Reputation:
I'm using electron and React and I have some code that looks like this:
constructor(props) {
super(props);
const { arr } = this.props;
ipcRenderer.on('event', () => {
console.log(this.props.arr); // will log updated values
console.log(arr); // always logs initial value
});
}
Does anyone have any idea why this might be happening? I can't reproduce this anywhere else. I've tried doing similar things with window event handlers and closures to see if they behave in the same way, but they don't. Am I missing something really obvious?
const obj = { arr: [1, 2, 3] };
const { arr } = obj;
obj.arr.push(4);
arr.push(5);
console.log(obj.arr); // => [1, 2, 3, 4, 5]

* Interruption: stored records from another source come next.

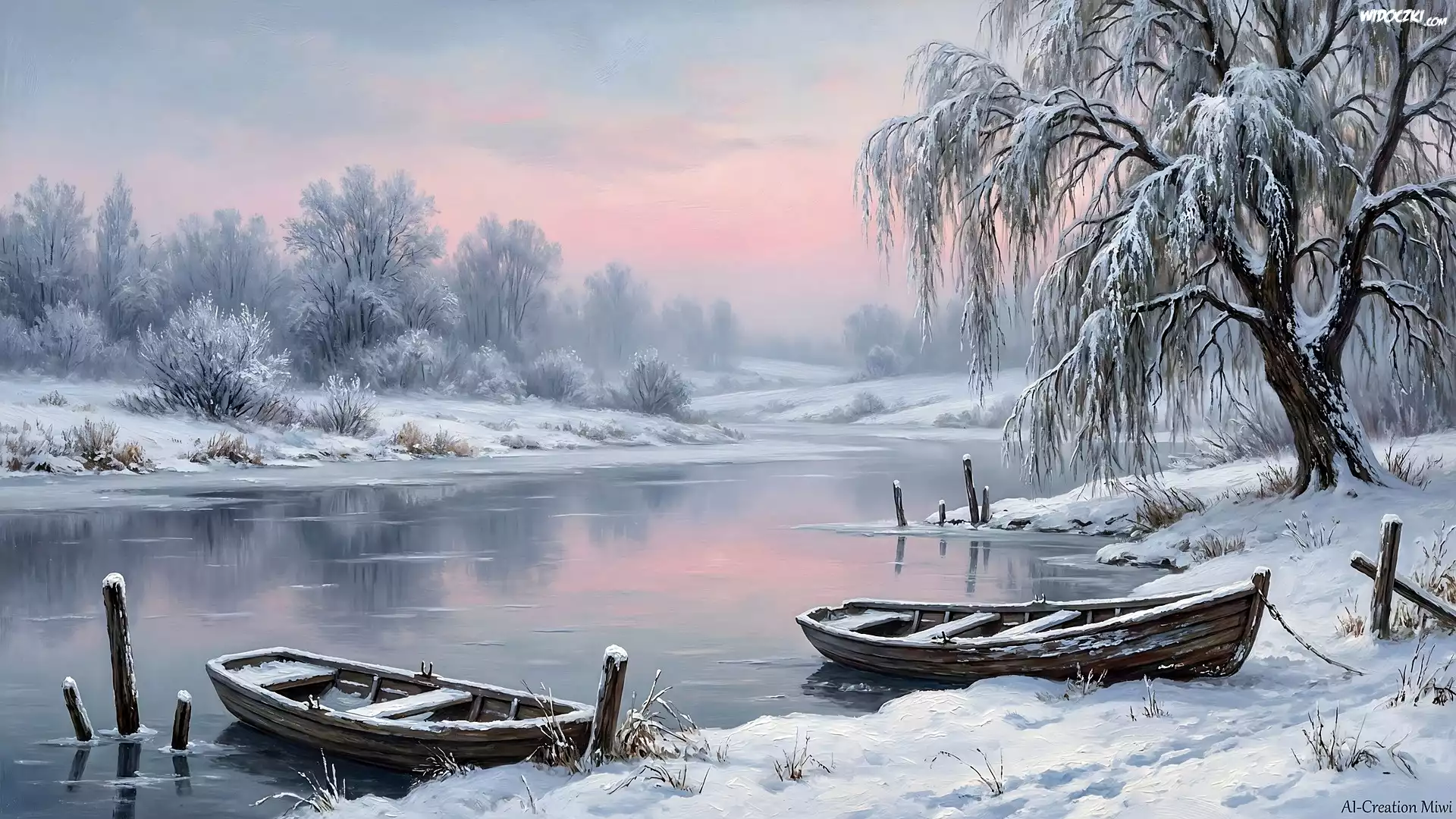 Zdjęcia, Zima, Dwie, Łódki, Rzeka, Drzewa, Grafika AI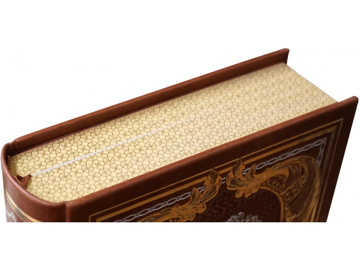 Книги в авторском дизайне «Ренессанс» передают лучшие традиции книжного переплетного ремесла. Цельнокожаный переплет ручной работы с тиснением фольгой немецкой фирмы "KURZ" (золотая, серебряная, чёрная). Блинтовое тиснение орнамента как на корешке книги, так и на передней и задней переплетных крышках. Трехсторонний тонированный обрез с золотым узором. Дизайнерская бумага. Форзацы из бархата. Тканевое ляссе и каптал ручного плетения. Вы также можете выбрать цвет кожи (на выбор более 20 цветов и оттенков), цвет фольги для тиснения орнаментом, цвет тонирования обреза. А, при желании, персонализировать книгу или собрание сочинений: добавить монограмму или логотип компании, разместить экслибрис или фамильный герб на форзаце, добавить поздравительный лист-сертификат в книгу с теплыми словами одаряемому.
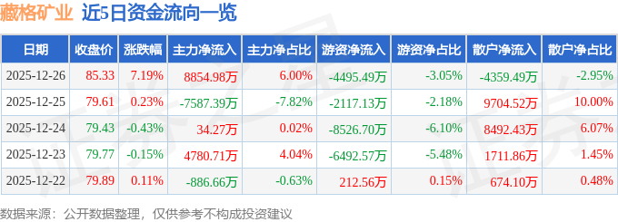 证券之星消息,截至2025年12月26日收盘,藏格矿业(000408)报收于85.33元,上涨7.19%,换手率1.13%,成交量17.68万手,成交额14.76亿元。
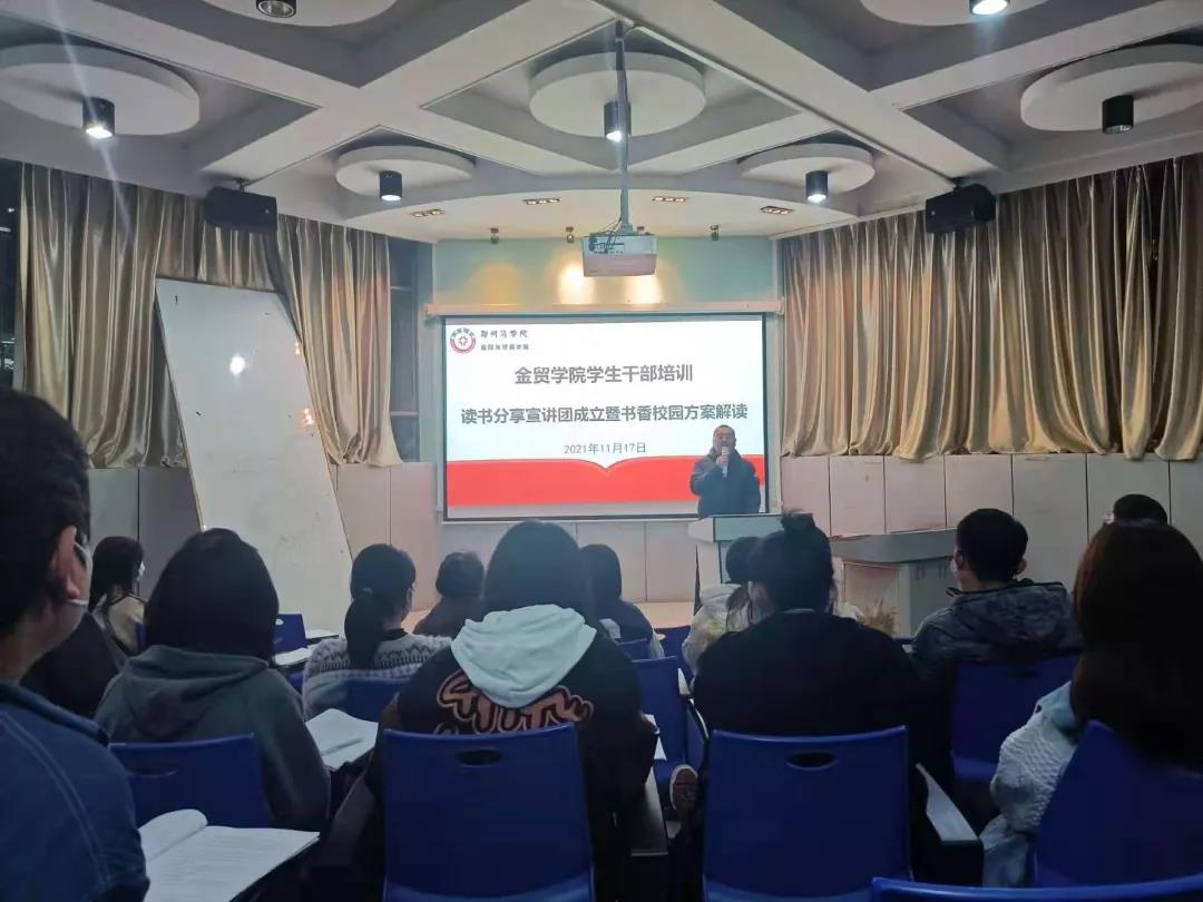 11月17日下午,金贸学院在1号教学楼101教室召开读书分享宣讲团成立暨书香校园方案解读会,会议由行政秘书兼团委书记杜尚远主持,各班学习委员共同参与。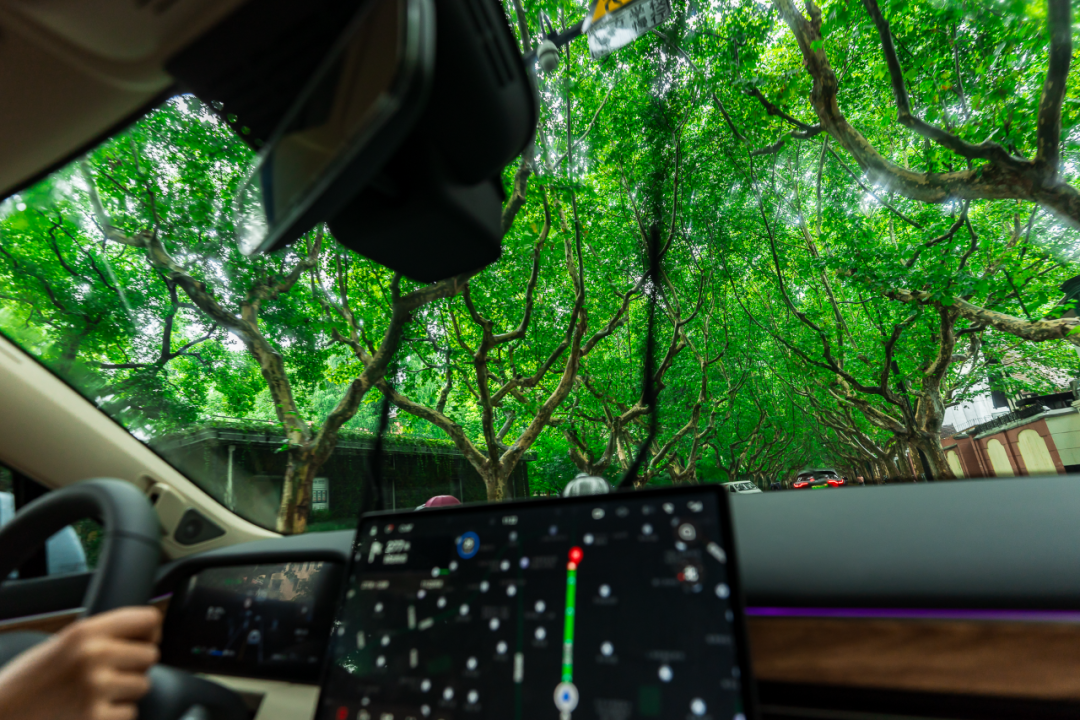 这一次,我们避开了人挤人的网红小马路,坐上自带超Chill气质的“智驾伙伴”,从被誉为“上海第一条花园马路”的新华路出发。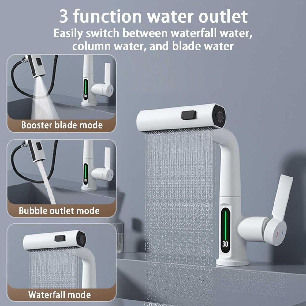 Robinet de cuisine cascade numérique LED : pivotant 3 en 1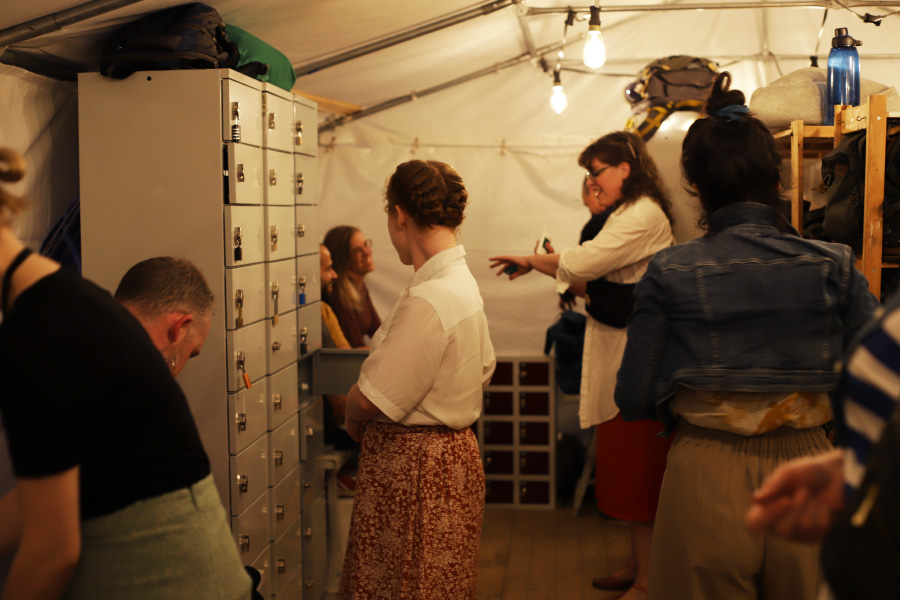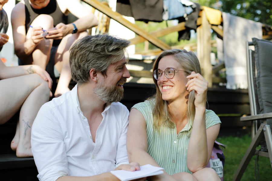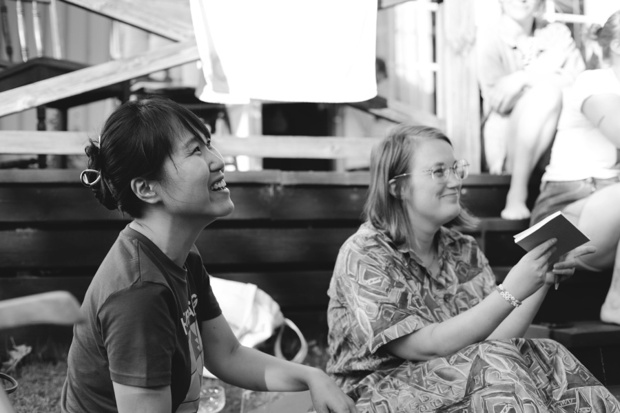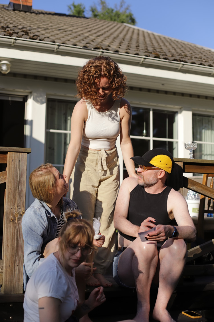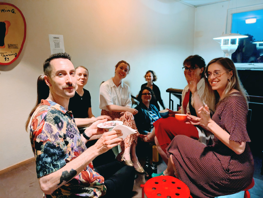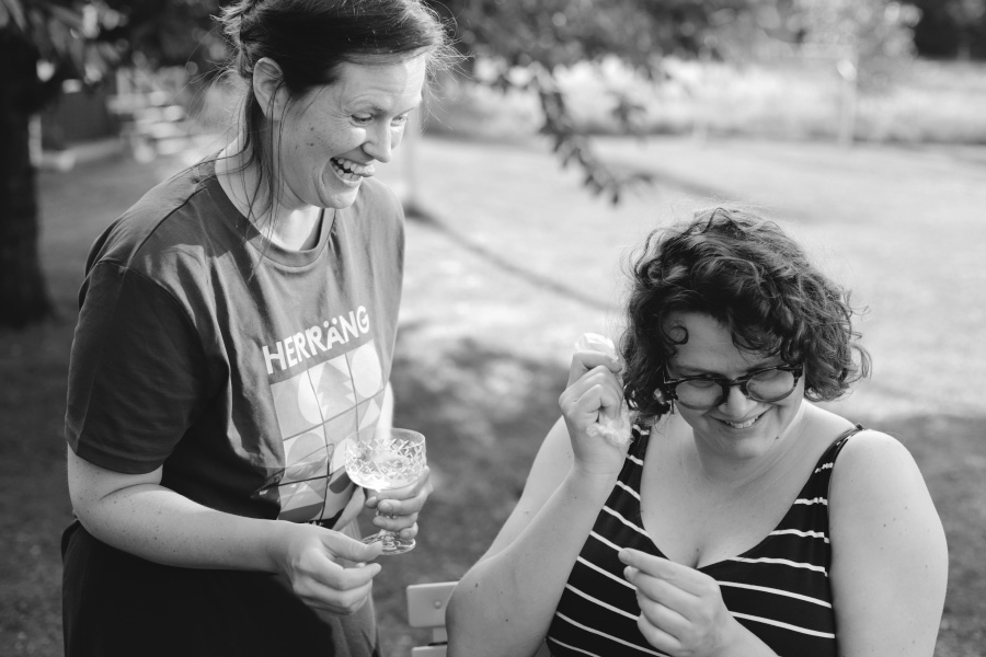 Vi hade bestämt oss för att se invigningen av slow drag night (varje tisdag i Herräng är det slow drag night i stora salen) så vi satte oss i kö i god tid och hade ett eget litet teparty medan vi väntade. Det gör alls inget att vänta på något när man kan sitta med såhär trevligt sällskap! (Kommer ni ihåg när jag sjöng på invigningen av slow drag night för exakt tio år sedan? Det var ju KUL!).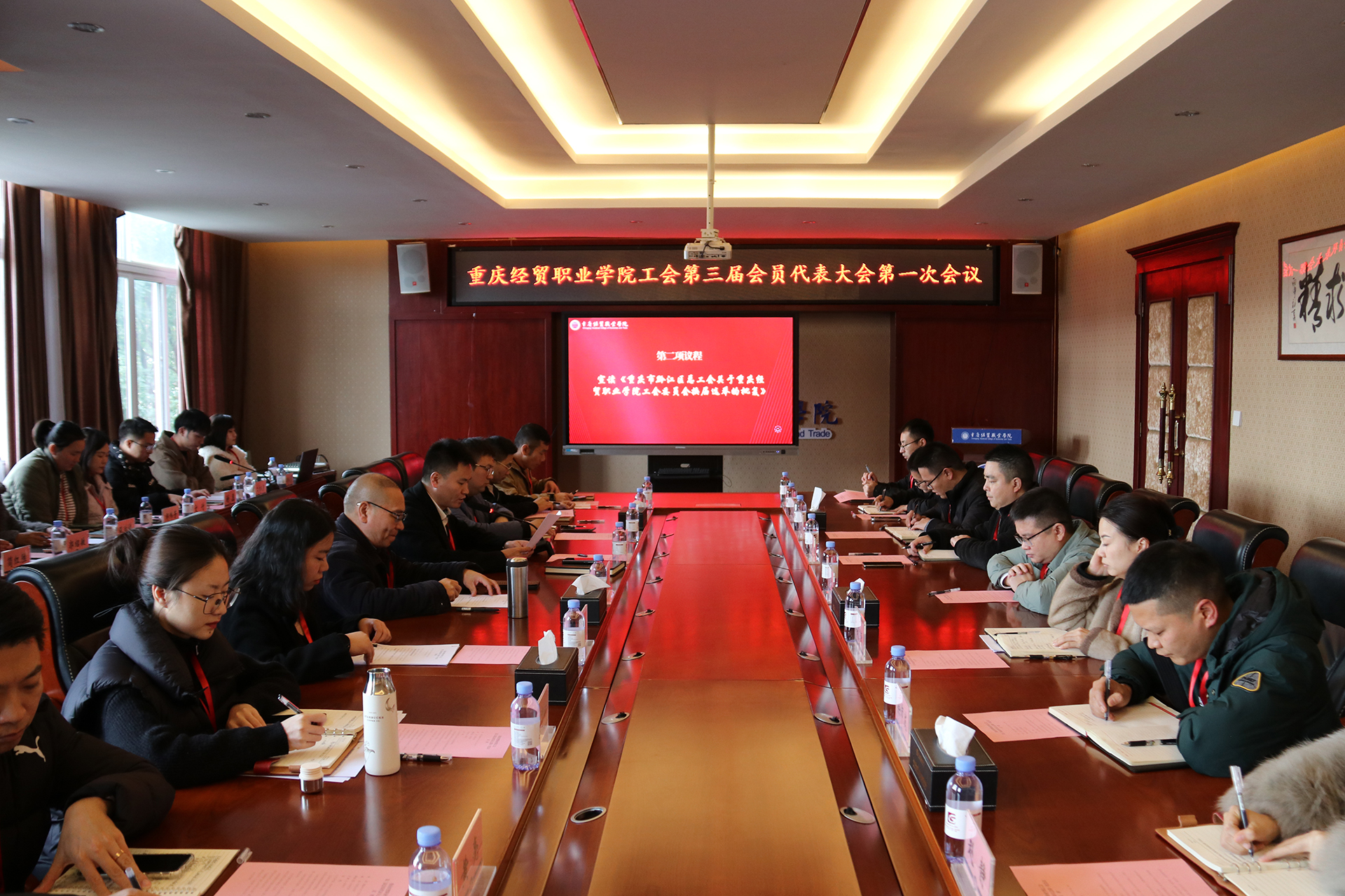 11月25日下午,我院工会第三届会员代表大会第一次会议在同德楼第一会议室召开,学院院长张耀天,院长助理姚樊樊、张倩,全体工会会员代表参加会议。
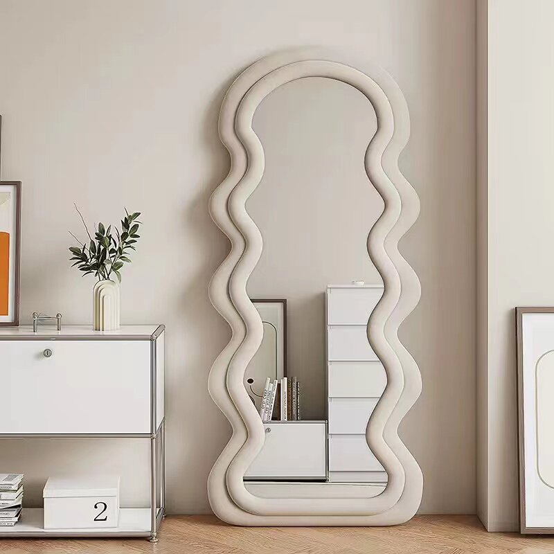 网红异形波浪镜子ins风全身穿衣镜家用卧室壁挂试衣镜靠墙落地镜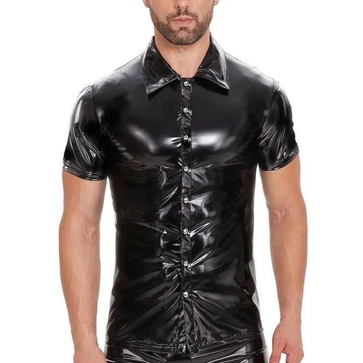 เสื้อหนังเงาสุดเซ็กซี่สำหรับผู้ชายเสื้อคอเสื้อหนังเทียมแขนสั้นเปิดลงเสื้อเชิ้ตเข้ารูปเครื่องแต่งกายสำหรับการแสดงบนเวที
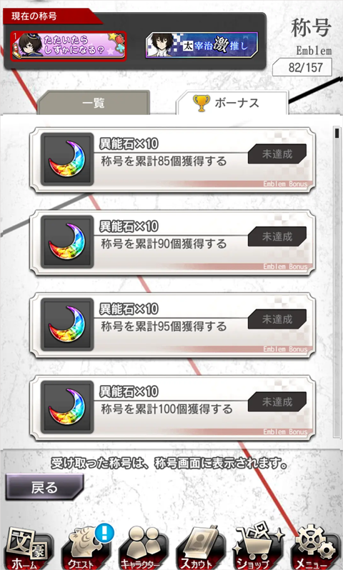 而当你收集到固定数量的称号时便会有提醒,此时既可收取异能石5~15或是其他数目是一个比较划算的收取通道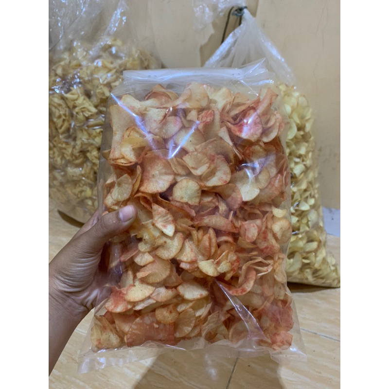 Keripik singkong merupakan makanan khas indonesia yang wajib kalian miliki saat sedang santai dengan sendiri atau dengan keluarga,pasangan,teman.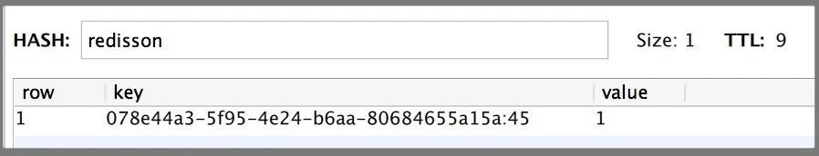 这里表面数据类型是Hash类型,Hash类型相当于我们java的 <key,<key1,value>> 类型,这里key是指 ‘redisson’

console.log(arr); // => [1, 2, 3, 4, 5]
Upvotes: 3
Views: 43
Reputation: 816462
Am I missing something really obvious?
Presumably a new array is assigned to this.props.arr
. Simple repro:
const obj = { arr: [1, 2, 3] };
const { arr } = obj;
obj.arr = [1];
console.log(obj.arr); // => [1]
console.log(arr); // => [1, 2, 3]
Destructuring is nothing magical. These two are equivalent:
const { arr } = this.props;
const arr = this.props.arr;
arr
holds the value that this.props.arr
had at the time of the assignment, whereas this.props.arr
gives you the value at the time you access it.